Broader implications for project planning across wind, solar and storage
Taken together, the observed market structure on 25 February 2026 supports a technical interpretation: pricing signals in South-East Europe function as reflections of grid reality shaped by physical constraints, liquidity concentration and generation asymmetry rather than by demand fluctuations alone. Persistent spreads align with episodic convergence driven by congestion management rules embedded in operational security criteria.

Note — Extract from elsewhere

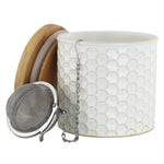 - Honeycomb Tea Caddy w/ Bamboo Lid & Stainless Steel Tea Ball Infuser (8 oz. 3.5" x 3") - Glossy White

For industry stakeholders—from TSOs coordinating balancing market design to developers planning wind and solar buildouts with BESS add-ons—the takeaway is practical: engineering studies should prioritize corridor capability assessment; procurement frameworks should reflect constraint-driven volatility; permitting pathways should anticipate reinforcement dependencies; and CAPEX planning should treat transmission modernization as integral to renewable delivery economics across SEE.